Traders are openly speculating the market is pricing in a national yield of 185–186 bu/ac, pushing ending stocks near 2.0bbu — despite fringe states like the Dakotas historically underdelivering in big acreage years.
Demand isn’t the issue — export inspections are running 29pc ahead of last year, and US corn remains the cheapest FOB globally — but the market doesn’t seem to care right now.
Soybeans were softer but more resilient, holding key support levels on the back of improved crop ratings (70% G/E), while traders watch US–China talks with cautious hope ahead of the August export window.
Bean oil continues to lead the soy complex, ripping higher on energy strength and tariff threats on Russian oil, while soymeal drags, setting new contract lows and keeping beans heavy overall.
ICE canola firmed as soyoil and crude rallied, and weather concerns flared in parts of the Canadian Prairies. November cleared key technical levels, and domestic crush data showed a 10pc YoY jump in June — the best month so far this crop year.

Macro

The US dollar index extended its climb to a 5-week high, pressuring ag export competitiveness across the board. The euro, already under pressure, slipped below $1.16 amid investor concern the US–EU trade deal heavily favours the US side.
Trump doubled down on trade leverage overnight, warning countries that continue buying Russian oil — including China and India — could face secondary sanctions. That helped spark gains in bean oil and crude, while injecting further tension into already fragile ag trade relationships.
The US–China trade truce extension, set to expire August 12, remains unresolved after Chinese officials prematurely announced a deal — only to be corrected by US Treasury Secretary Bessent, who said “only Trump will decide.”
Argentina’s sweeping cuts to export taxes on corn (from 12pc to 9.5pc), soybeans (33pc to 26pc), and soy products (31pc to 24.5pc) are shaking up global pricing structures, particularly in the oilseed and meal space.
While the EU–US trade agreement avoided ag tariffs (for now), talks remain tense — with whispers of future exemptions on EU metal tariffs and no clarity yet on digital or pharma levies. The ag sector is left watching from the sidelines, hoping phase two brings clarity.
US economic data continues to support a “wait-and-see” Fed — JOLTS job openings fell and consumer confidence improved. But for ags, the real focus remains on how upcoming sectoral tariffs may be shaped, especially as the August 1 global trade deadline looms.

Australia

More of the same yesterday in the west, with current crop values holding steady — wheat at A$354, barley at $330, and canola at $820.

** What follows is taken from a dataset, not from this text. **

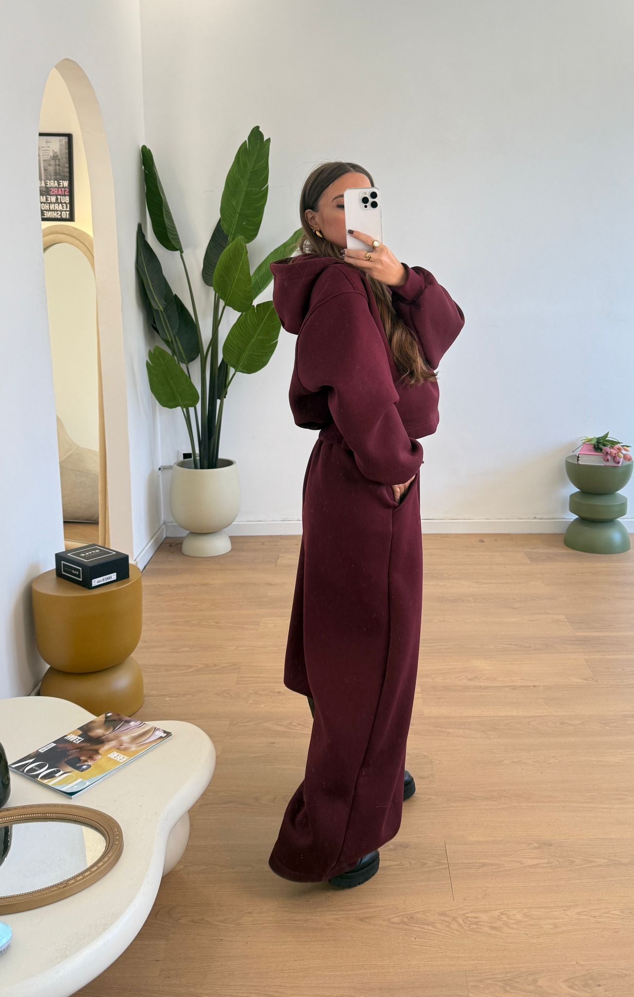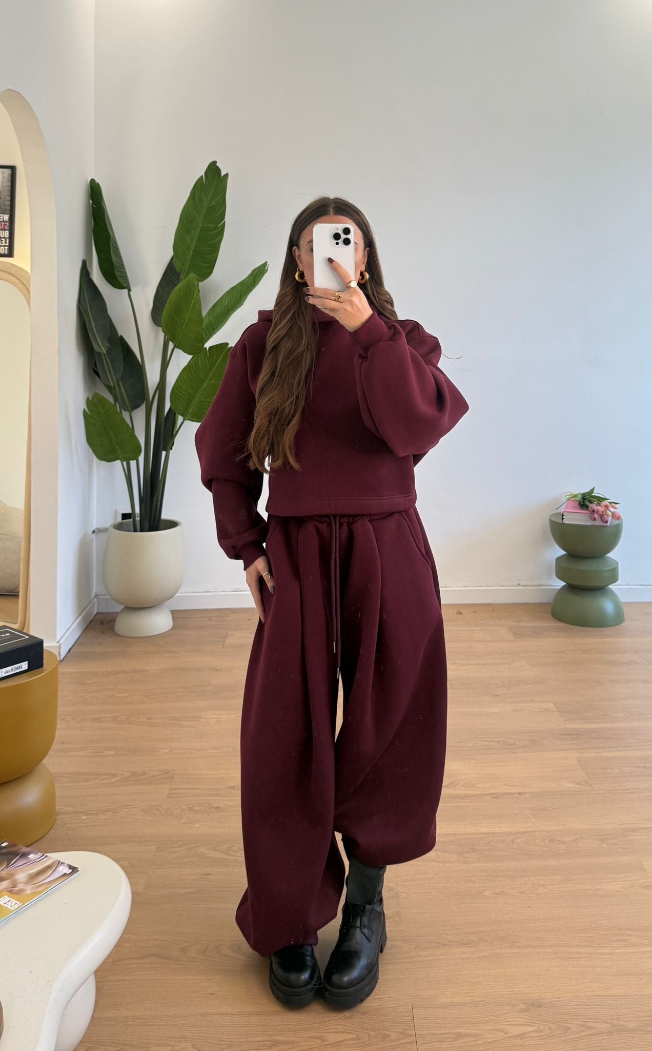 Coordinato da donna felpati internamente, composto da felpa con cappuccio, polsini ed elastico sul retro e da pantalone gamba larga, elastico in vita e laccetti regolabili. Taglia unica, veste bene fino ad una taglia 46.

In the east, track markets were also steady, with new crop canola at $832, wheat at $356, and barley at $316.

Rallying freight markets and a firming Russian FOB have helped make WA wheat the cheapest into Southeast Asia once again.

Delivered markets continue to soften week-on-week, with growers slightly more willing to sell, while consumer demand remains subdued.

There’s been a bit more grower engagement on new crop sales in the east this week, though pricing hasn’t prompted significant volume yet.